COLLECTED DATA:
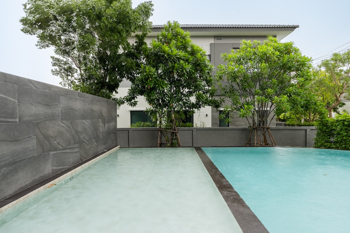 ลืมความกังวลไปได้เลยเมื่ออยู่ในที่พักที่เงียบสงบและกว้างขวาง ใกล้ห้างสรรพสินค้า และ MRT สถานี แยกบางพลู A modern colonial house in a calm, safe and trendy village near MRT Bangphlu station. There are 24 hours security guards. Traffic is normally light. MRT Bangphlu station (3 min) Khaosarn road (20 min) Southern train station (15 min) Downtown (30 min) Chinatown (30 min) Donmuang airport (40 - 50min) Bangkok airport (60-75 min) We focus on delivering warm and friendly hospitality for all valued guests.
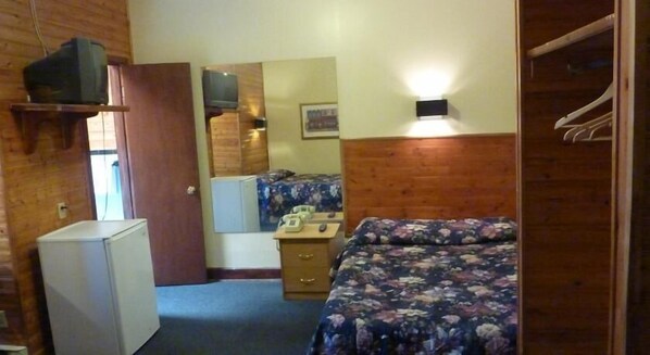 It's a bed and a bathroom and not much else
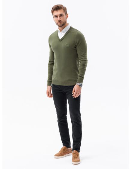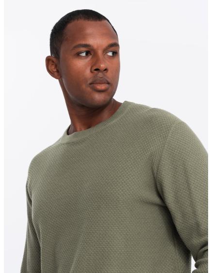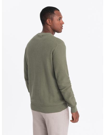 Pletený pánský svetr RELAXED FIT se vzory - tmavě modrý V1 OM-SWSW-0111
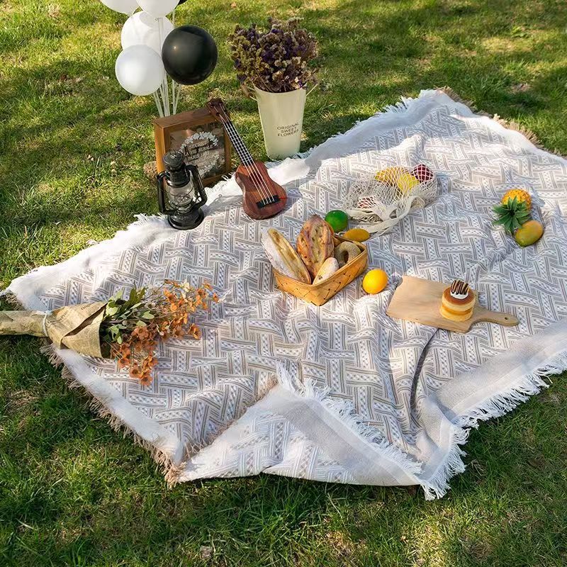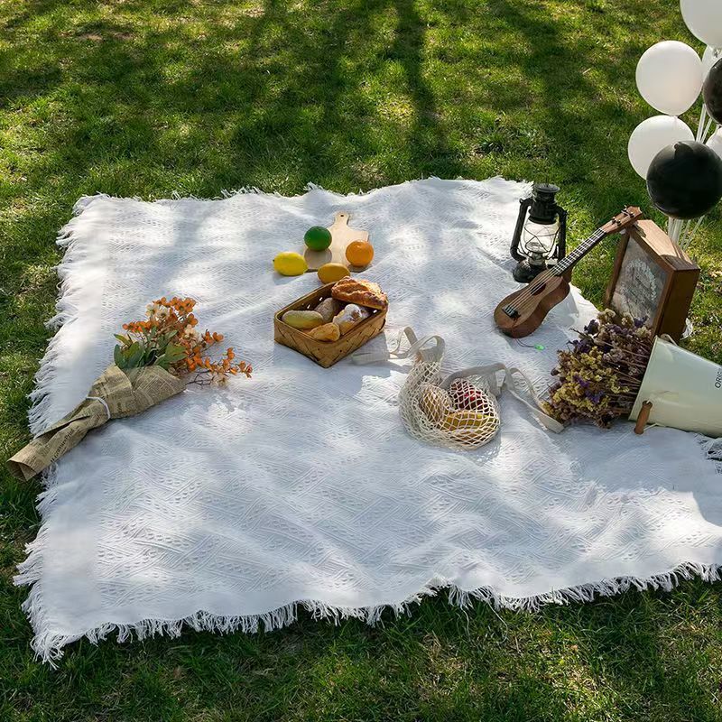 Ins 스타일 비치 매트 두꺼운 흰색 야외 캠핑 매트 피크닉 매트 피크닉 천 인터넷 연예인 용품 소품 식탁보

WORK REQUIRED: Starting from the line where "It's a bed and a bathroom and not much else" appears, copy every line through the end of the material, both ends included, but no pictures.

TASK ANSWER:
 It's a bed and a bathroom and not much else
 Pletený pánský svetr RELAXED FIT se vzory - tmavě modrý V1 OM-SWSW-0111
 Ins 스타일 비치 매트 두꺼운 흰색 야외 캠핑 매트 피크닉 매트 피크닉 천 인터넷 연예인 용품 소품 식탁보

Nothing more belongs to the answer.